This study included 240 patients, with 133 patients receiving clarithromycin and 107 patients receiving no adjunct macrolide prophylaxis. Patients receiving clarithromycin were noted to have significantly lower rates of postpartum endometritis as compared to those who did not receive adjunct prophylaxis (4.5% versus 11.2%, p = 0.025). In crude (unadjusted) analysis, a significantly lower risk of developing endometritis was noted in the clarithromycin group as compared to the control group (66% decreased risk, 95% CI 0.12 to 0.95, p = 0.040).
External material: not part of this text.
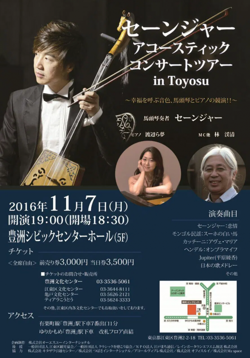 出 演:セーンジャー(賽音吉雅)/馬頭琴、渡辺ら夢/ピアノ、林 渓清/MCおよびトークセッション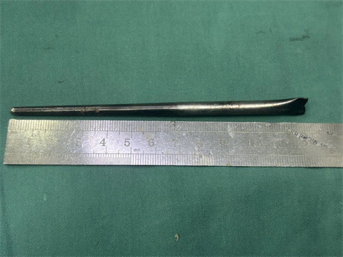 在刘得龙的指引下,黄巍鹏为王先生定制经口腔取异物的微创手术决策,这种无需颈部开刀的调理格式,透彻撤废了患者的挂念。术中,医师精确定位,神秘避让咽部的蹙迫血管和神经,通过微创手术渐渐剥离、牵拉,最终将这根12厘米的不锈钢筷子圆善取出。术中出血量少许,无手术并发症,患者和家属悬着的心终于落地。

When adjusted for perceived confounders, a significant difference was again noted (67% decreased risk, 95% CI 0.11 to 0.97, p = 0.034). Stratified analysis of significantly different demographic factors including Black race, BMI, and age was performed. A significantly decreased risk of development of endometritis when taking clarithromycin versus no adjunct macrolide was noted for Black race women in crude and adjusted models (crude: 87% decreased risk, 95% CI 0.08 to 0.83, p = 0.032; adjusted: 91% decreased risk, 95% CI 0.06 to 0.79, p = 0.026). This was also noted for women aged 18–29 years in crude and adjusted models (crude: model, 79% decreased risk, 95% CI 0.06 to 0.80, p = 0.014; adjusted model: 75% decreased risk, 95% CI 0.06 to 0.94, p = 0.028). All other stratified analyses did not yield significant differences in endometritis risk.

Conclusion

Our study suggests that administration of clarithromycin for adjunctive surgical prophylaxis for non-elective cesarean deliveries may be a safe option that may provide suitable endometritis prophylaxis in cases where azithromycin is unavailable, as was the case during the start of COVID-19 pandemic, most especially for Black race women and women ages 18–29 years.
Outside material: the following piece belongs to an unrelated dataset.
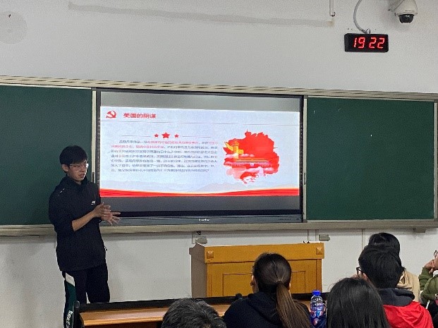最后大家开展了丰富的讨论,有许多同学积极举手参与讨论,各抒己见。黄云跃同学对于“其他国家对我国的打击,我们应该如何应对?”这一问题说出了他的观点,他认为我们要坚持大国的底气。我们的国家已经有能力去应对打击,而且这种底气也在不断增强 。我们的国家实力和国际地位使得我们能够直面打击,也使得我们在打击面前不能退缩。我们要相信自己的国家,努力建设国家,使得我们的国家可以有更足的底气去面对打击。钟君如对于这个问题则认为,第一,既要澄清事实,让世界更多地了解,中国没有违反任何法律与规定的真相,认清中国被恶意构陷的事件本质,更要不卑不亢,运用法律武器,维护合法权益。向国际社会揭露美国等西方国家一而再、再而三的公然挑衅与荒诞阴谋。呼吁爱好和平、追求正义、尊重规则的友好国家一道抵制这样的霸权主义和强权政治。其次,中国走好自己的发展道路,提升绝对实力,走出“零和博弈”、“修斯底德陷阱”等固化思维,用事实向世界证实和平发展道路的可能性、合理性与先进性。有耐心地发展与美国等西方国家的关系。少数人的阴谋很难扭转时代社会的既定发展方向,但我们也要警惕针对我们的阴谋和构陷。最后,身为大学生,我们要积极了解事件原貌,在现实生活和网络世界,利用自身智慧和优势,承担起宣扬真相、捍卫真相的责任。

Martingano,Nguyen,Nkeih,Singh,Mitrofanova,and Laganà: Clarithromycin use for adjunct surgical prophylaxis before non-elective cesarean deliveries to adapt to azithromycin shortages in COVID-19 pandemic

Introduction

The United States is presently involved in a worsening pandemic due to the outbreak and spread of a novel coronavirus called severe acute respiratory syndrome coronavirus 2 (SARS-CoV-2) causing the disease known as COVID-19. This was identified first in Wuhan, China in late 2019 with the first case in the United States in Washington State in January 2020 [1, 2]. Information about SARS-CoV-2 is evolving rapidly, and interim guidance by multiple organizations is constantly being updated and expanded [3–6]. Given the acute nature of this pandemic, a wide variety of medical resources are being rapidly consumed resulting in an insult to the global supply chain and nationwide shortages of medications, personal protective equipment, and many other essential items [7, 8].

At the start of this specific research study, many institutions were utilizing azithromycin with or without hydroxychloroquine [3] as medical treatment for confirmed cases of COVID-19, resulting in national shortages of the azithromycin [7, 8] limiting its use for previously routine treatments, including adjunct surgical antibiotic prophylaxis for non-elective cesarean deliveries. However, as this study continued and more evidence was gathered globally on the effectiveness of this treatment approach, it was determined that there was no benefit for the use of azithromycin with or without hydroxychloroquine in the treatment of COVID-19, which ceased its use across institutions [9–14]. Because azithromycin was limited or unavailable due to demands for COVID-19 at the start of this study, this study aimed to evaluate the safety and effectiveness of using an alternative treatment with clarithromycin as adjunctive antibiotic prophylaxis for patients undergoing non-elective cesarean delivery, in comparison with no adjunctive prophylaxis.

Azithromycin and clarithromycin are structurally-similar derivatives of the older macrolide antibiotic erythromycin. While it may be a possible consideration to substitute erythromycin for azithromycin, many hospital pharmacies do not readily have erythromycin either intravenous or oral on their formularies [15]. Furthermore, the structural modifications made to erythromycin significantly broadened the spectrum of antibacterial activity of its derivatives, making them a more effective option in the treatment of a variety of infections, including community-acquired respiratory tract infections, gastrointestinal infections, and sexually transmitted chlamydial infections [16, 17].

Based on a pivotal study performed by Tita et al [18], azithromycin is currently utilized as adjunct antibiotic prophylaxis for non-elective cesarean deliveries. This study was a multi-center, randomized controlled trial evaluating the benefits of 500 mg of intravenous azithromycin in addition to a standard antibiotic prophylaxis regimen in 2,013 women undergoing non-elective cesarean deliveries. Women who received adjunctive azithromycin had significant reductions in the endometritis as well as primary composite outcome of endometritis, wound infection, or other infections together. There was no significant difference in the neonatal composite outcome that included death and serious neonatal complications. Given the favorable outcomes with adjunct azithromycin administration over placebo, it is a widely adopted practice across the United States to administer azithromycin as part of standard antibiotic prophylaxis for women undergoing non-elective cesarean deliveries, which is supported by the American College of Obstetrics & Gynecology [19].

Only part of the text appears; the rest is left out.